Wednesday, June 17, 2009

The world's simplest ice cream

My actual plan was to make something rather complicated. It was going to be a Thai lime ice cream flavored with kaffir lime leaves, lime juice and zest (the regular sort, not kaffir, as my little kaffir lime tree hasn't borne any fruit yet) and ginger over a base of coconut milk and condensed milk. But when I opened my can of sweetened condensed milk I found it full of dulce de leche. Disconcerting, but you can make dulce de leche by heating an unopened can of condensed milk in the oven or immersing it in simmering water for a couple hours so it's explicable. It's not like the can was full of green beans. It must have been left to sit in an extraordinarily hot warehouse for a while. This is what happens when I shop at my lousy corner bodega.

Kaffir lime's not going to hold up against the caramel flavor of dulce de leche, but waste not want not. One can coconut milk plus one can dulce de leche equals one batch of coconut dulce de leche ice cream mix. I added a pinch of salt and a dash of vanilla, but that's certainly optional. And, since it had thickened into pudding in the refrigerator, I stirred in a half cup of milk just before churning. Maybe it's getting a little complicated in practice, but it's simple at heart.

The texture is perfectly smooth, luscious and creamy. I was afraid that it was going to freeze up hard, but nope. Part of it may be that I gave it a full 20 minutes of churning, but I'm getting convinced that it's the coconut milk that really does the trick. I'm curious enough that I might actually try the experiments I mentioned last time to pin down just how strong that effect is.

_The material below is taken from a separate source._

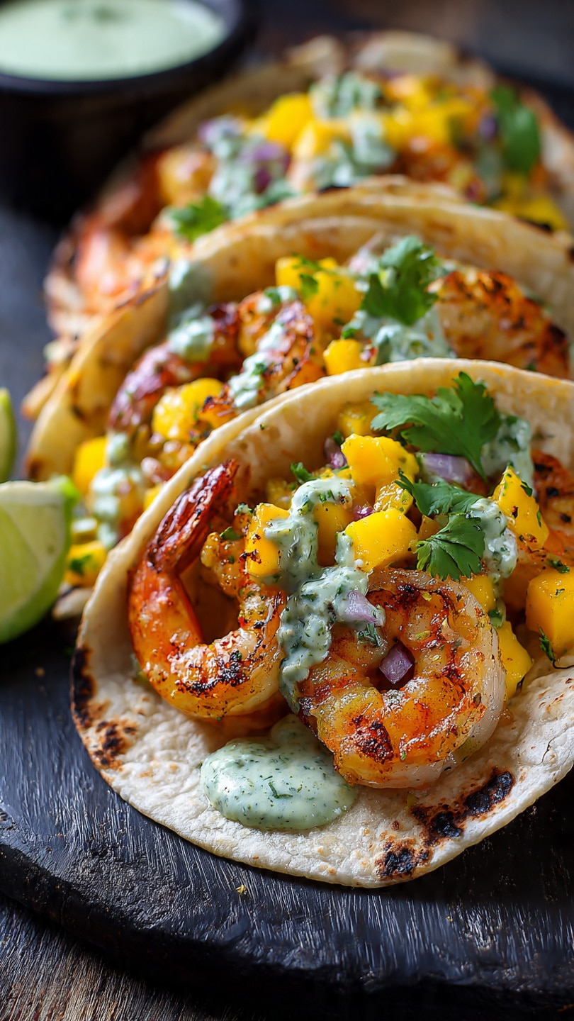 These Shrimp Tacos with Mango Salsa and Creamy Cilantro Sauce are a vibrant and flavorful meal featuring seasoned shrimp, sweet mango salsa, and a cool, zesty cilantro sauce all wrapped in warm tortillas—perfect for a quick dinner or party dish.

The flavor isn't terribly subtle or sophisticated, but it's milk caramel with notes of coconut; Who needs subtle when you're straightforwardly yummy? The coconut flavor increases as it melts (which it does quite quickly) so there's some interesting variation between spoonfuls. I like that the flavor doesn't hit you over the head. Caramel flavors can often be big, bright and artificial. This ice cream's flavor isn't understated, but it isn't overstated either. It's just there at the right level.

If I were going to complicate this, I think I might add chocolate in some form and/or bananas. Or maybe pineapple and allspice would be nice.

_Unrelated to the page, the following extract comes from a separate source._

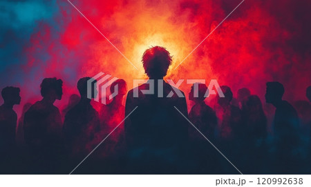 confident figure stands glowing core crowd shadowy shapes showcasing power self identity and empowerment compelling abstract style.

And, on second thought, I don't think the flavor of kaffir lime leaf in my original plan would have stood up to condensed milk or maybe any dairy at all. Kaffir lime sorbet is probably a better idea. I'll have to work on that.


LaDivaCucina said...

When life hands you dulce de leche, make ice cream!

kat said...

I want to do a salted caramel ice cream, this might give me a good starting point since I have dulce de leche in the cupboard

billjac said...

That's not a bad idea. Once you add caramel to a dairy base it become pretty near indistinguishable from dulce de leche, and using the ready-made saves you the tricky business of getting the caramel cooked without burning.

Salted caramel ice cream's been on my to-do list for quite some time. I think I'll salt a scoop of this ice cream later today to get a sense of what it might be like.